[Stored data]

========================================

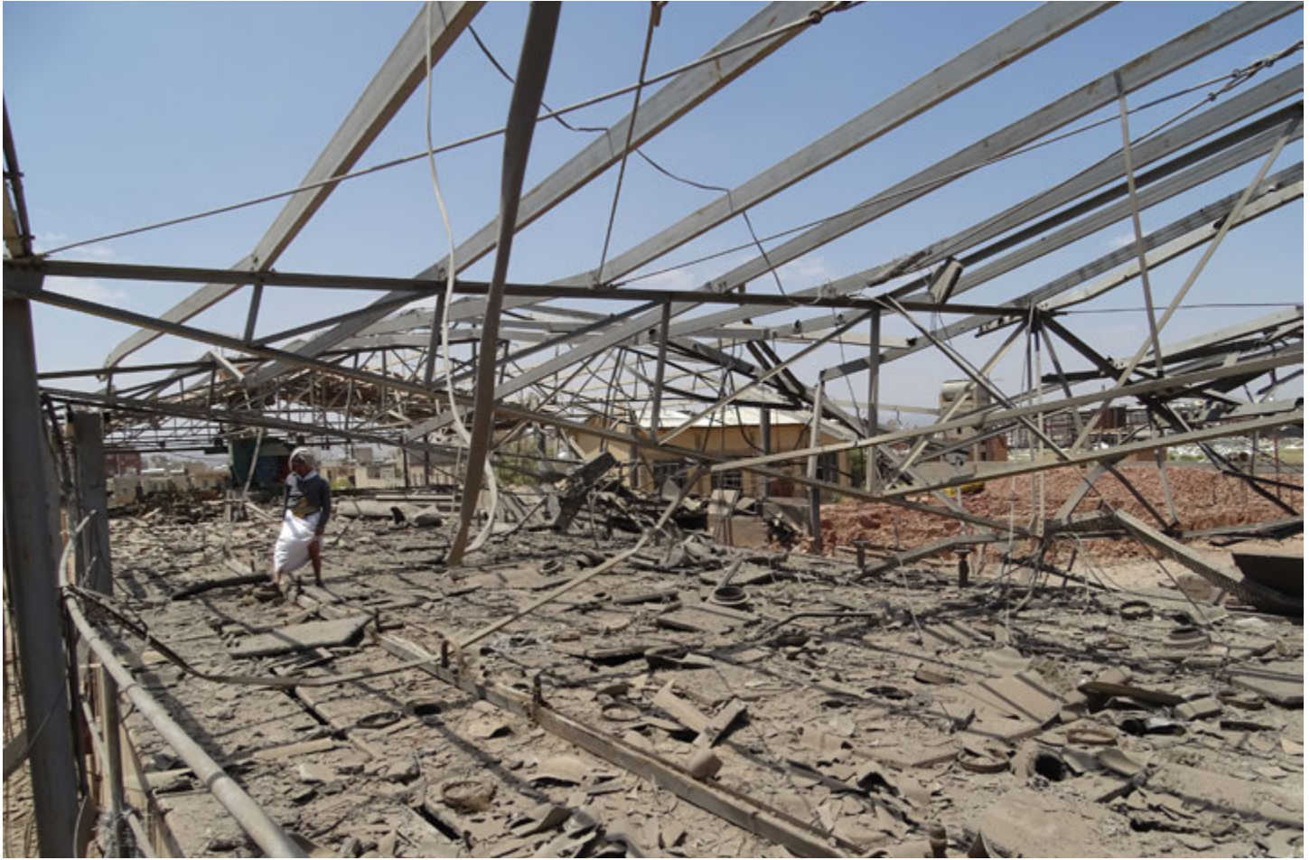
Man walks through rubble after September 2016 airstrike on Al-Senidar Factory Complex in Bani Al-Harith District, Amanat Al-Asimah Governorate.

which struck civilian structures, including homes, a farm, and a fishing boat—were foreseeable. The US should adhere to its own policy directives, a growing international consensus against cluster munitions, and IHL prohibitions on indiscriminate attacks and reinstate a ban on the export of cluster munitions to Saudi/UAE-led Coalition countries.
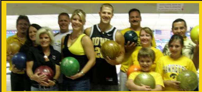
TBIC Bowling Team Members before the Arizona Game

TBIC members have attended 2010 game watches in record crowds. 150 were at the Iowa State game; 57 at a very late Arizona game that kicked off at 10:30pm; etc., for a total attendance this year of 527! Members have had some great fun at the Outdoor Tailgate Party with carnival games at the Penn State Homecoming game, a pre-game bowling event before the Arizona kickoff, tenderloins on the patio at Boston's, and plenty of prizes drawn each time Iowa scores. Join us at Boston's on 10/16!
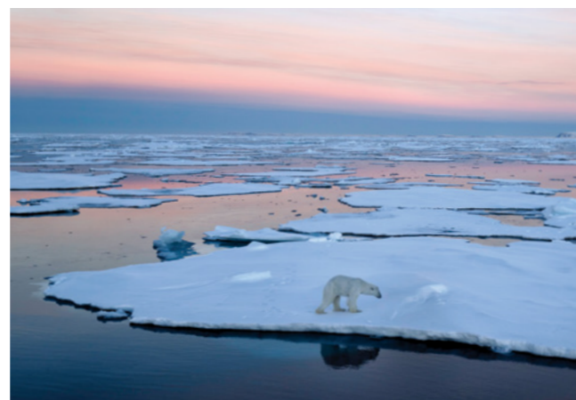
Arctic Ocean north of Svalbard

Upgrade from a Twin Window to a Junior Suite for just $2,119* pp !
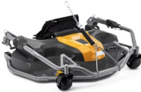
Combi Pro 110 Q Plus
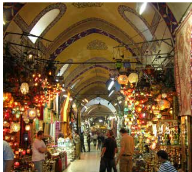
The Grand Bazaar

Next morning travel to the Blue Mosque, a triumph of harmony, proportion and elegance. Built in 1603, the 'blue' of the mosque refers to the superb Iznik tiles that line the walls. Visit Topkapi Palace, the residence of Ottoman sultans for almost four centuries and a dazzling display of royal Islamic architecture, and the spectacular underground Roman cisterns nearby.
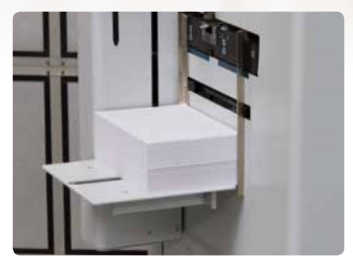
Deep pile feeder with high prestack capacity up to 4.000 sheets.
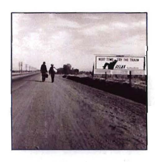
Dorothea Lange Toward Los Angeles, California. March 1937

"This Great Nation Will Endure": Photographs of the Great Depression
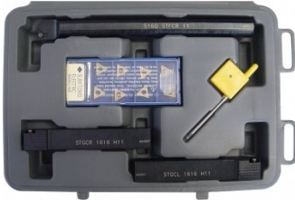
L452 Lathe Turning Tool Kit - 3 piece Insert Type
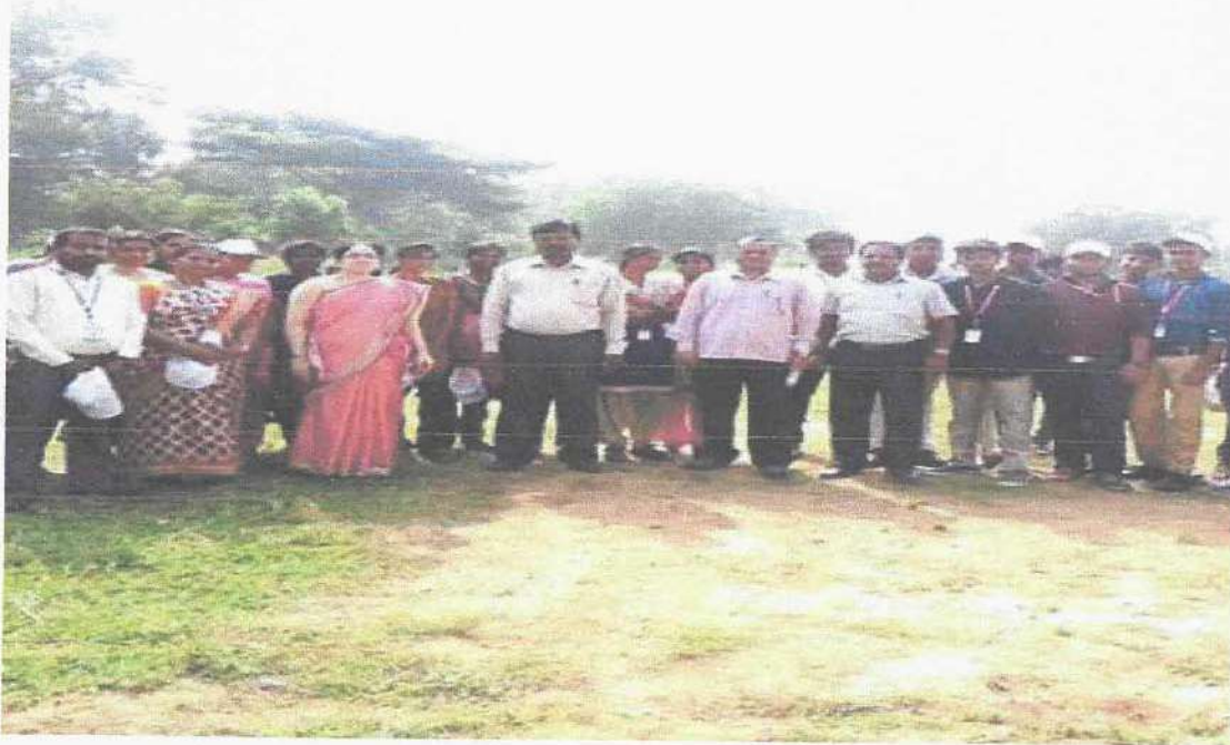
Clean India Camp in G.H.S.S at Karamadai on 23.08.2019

========================================

» **TO DO**: Check the entries above for the word "Members" and copy every line where it turns up.

» **TASK ANSWER**:
TBIC Bowling Team Members before the Arizona Game
TBIC members have attended 2010 game watches in record crowds. 150 were at the Iowa State game; 57 at a very late Arizona game that kicked off at 10:30pm; etc., for a total attendance this year of 527! Members have had some great fun at the Outdoor Tailgate Party with carnival games at the Penn State Homecoming game, a pre-game bowling event before the Arizona kickoff, tenderloins on the patio at Boston's, and plenty of prizes drawn each time Iowa scores. Join us at Boston's on 10/16!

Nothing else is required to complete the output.